NewAmsterdam Pharma Company N.V. (NAMSW) - Intro
NewAmsterdam Pharma Company N.V. (NAMSW) is a clinical-stage biopharmaceutical company focused on developing obicetrapib, an oral, once-daily, selective cholesteryl ester transfer protein (CETP) inhibitor designed to substantially lower LDL-C and address residual cardiovascular risk. The company's trajectory since incorporation has been defined by rapid corporate transitions, significant financing, and pivotal Phase 3 data readouts.- Incorporation and corporate form changes:
- Incorporated in the Netherlands as NewAmsterdam Pharma Company B.V. on June 10, 2022.

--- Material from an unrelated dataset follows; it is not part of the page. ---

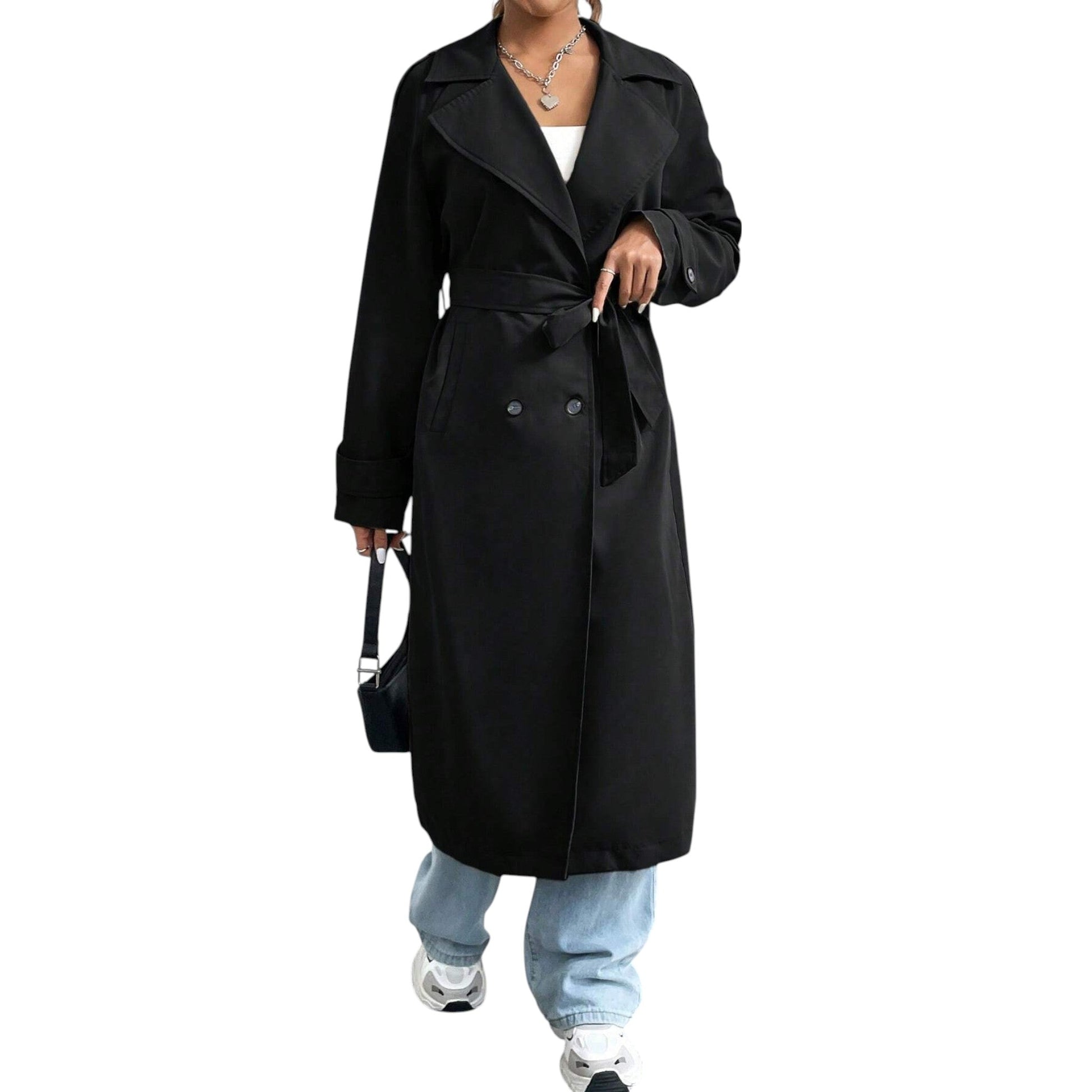 Címke nélküli, fekete, hosszú ballonkabát, megkötős derékkal, hajtókás gallérral, hosszú ujjakkal, zsebes, kétsoros gombos rögzítéssel.

- Converted to a public limited liability company and renamed NewAmsterdam Pharma Company N.V. on November 21, 2022.
- Financing and capital:
- Completed an upsized financing of $479 million in December 2024 to fund operations beyond the PREVAIL cardiovascular outcomes trial readout and potential U.S. commercialization of obicetrapib.
- Reported cash, cash equivalents, and marketable securities of $808.5 million as of March 31, 2025 (down from $834.2 million at year-end 2024).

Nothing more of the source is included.